It is sadBut the truth is, much of what is known about how the human mind works has been learned by studying broken brains. Injury caused by illness or accident thus shows the jobs of the part of the brain that has been damaged, from the list of disabled functions. Similarly, “injuries” to the genome, resulting in deletions or duplications of stretches dna, sometimes there are obvious effects that can illuminate the workings of healthy brains. But Hope Karen Berman from the US National Institute of Mental Health and Carrie Bearden from the University of California, Los Angeles, told participants about the latest findings related to two of these genetic injuries.
Some segments of the genome are at particular risk of being lost or duplicated during the process of meiosis, when pairs of chromosomes exchange genetic material before the formation of the egg and sperm. cause they’re surrounded by parts of dna which contain matching sequences of genetic letters. These matching flanks can confuse the molecular machinery that makes the swap. Sometimes due to this confusion the relevant clause is omitted. Sometimes the section in question gets duplicated. Any individual inheriting a chromosome will thus either lack or have a surplus of genes that are part of the affected segment.
Dr Berman works on the part of chromosome 7 whose deletion causes Williams syndrome, identified in 1961 by a doctor of that name. Dr Bearden’s work on DiGeorge syndrome, also identified by the same name in 1968, and caused by deletion of part of chromosome 22. Both are equivalent, recently noted, resulting from an extra copy of the labile chromosomal section. As the two researchers explained, comparing the under- and over-representation of these classes deepens understanding of the neurological roles of genes in them.

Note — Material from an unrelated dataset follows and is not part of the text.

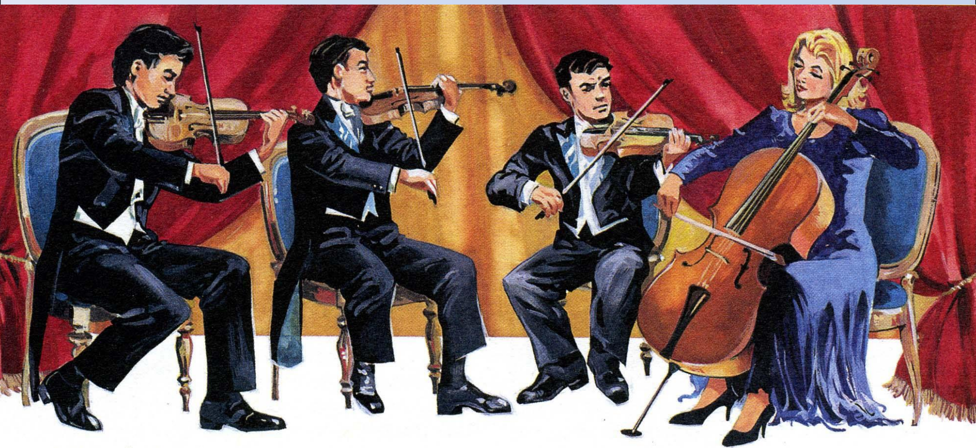
струнный квартет во время концерта.

People with Williams syndrome have a wide variety of symptoms. Some are structural, such as a specific face shape. Others are behavioral – a tendency to be talkative, sociable, good at recognizing faces (though poor at visual-spatial tasks) and having good empathy with others. In short, they are the opposite of autism. People who have the inversion of the syndrome, known as Dup7, have a different face shape. They also learn to talk later than usual, are poor at recognizing faces (though good at visual-spatial tasks), and are antisocial. These latter symptoms are associated with autism.

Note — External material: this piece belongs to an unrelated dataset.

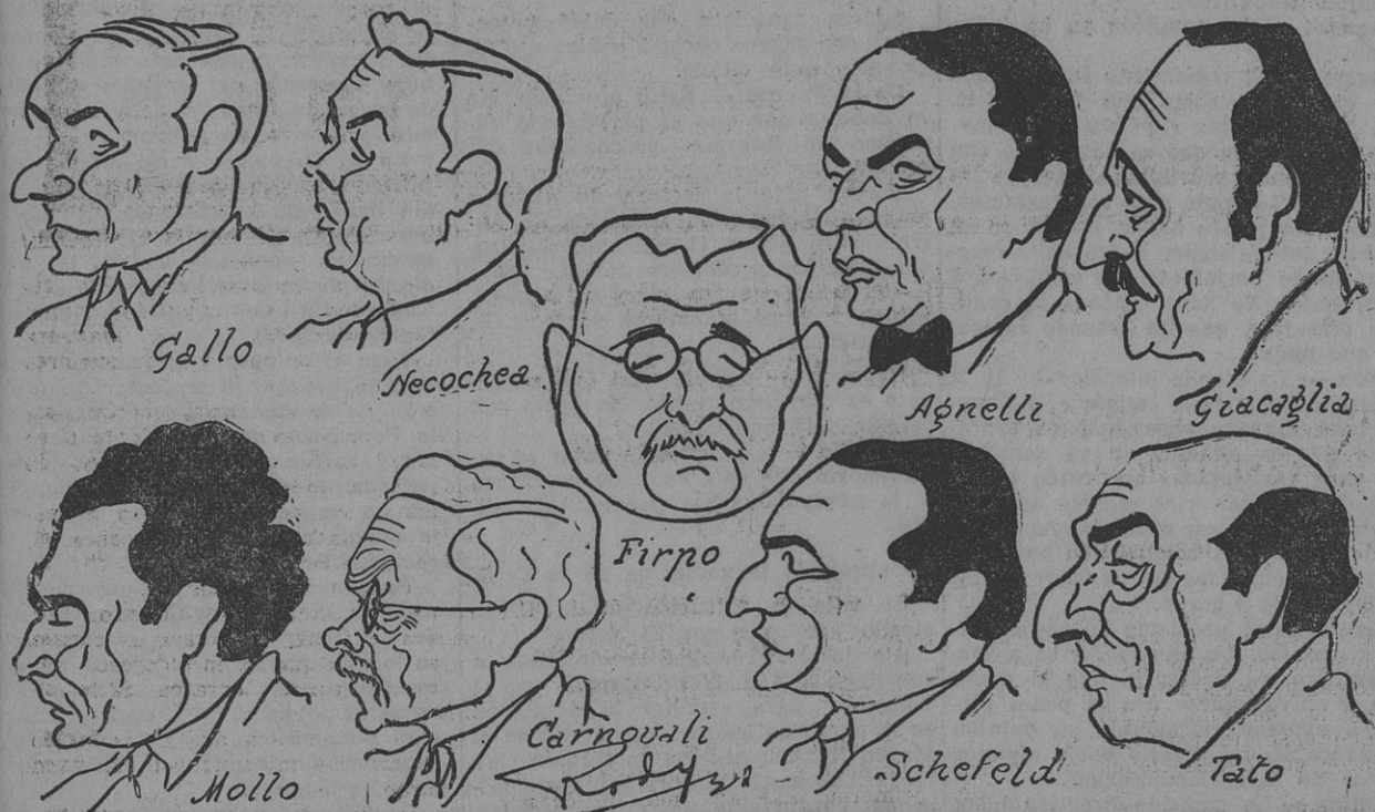
ALGUNOS MIEMBROS DE LA COMISION DIRECTIVA DE LA FRATERNIDAD, VISTOS por Rody

Historió el desarrollo de la labor realizada y las dificultades que se suscitaban con el cambio de gobierno.

Dr. Burman highlights the role of two genes in this, gtf2IAnd limke1found in the affected area. gtf2I Encodes a type of protein called a general transcription factor. start production of transcription factors royal army Copies of the gene which then serve as instructions for making proteins. as suggested, gtf2I These include a number of mechanisms that may help explain the different manifestations of Williams syndrome. limke1 Encodes an enzyme known to be involved in brain development.
hard copies
Dr Berman and his group have demonstrated a correlation between the “dose” of these genes (whether there are one, two or three copies) and the size of the brain regions affected. magnetic resonance imaging (MRI) showed that the total brain volume increases with the number of copies of the affected chromosomal region (hence smaller than normal with the deletion, and larger than normal with Dup7). But all this growth takes place in the largest part of the cerebrum. In the second largest part, the cerebellum, the reverse is true.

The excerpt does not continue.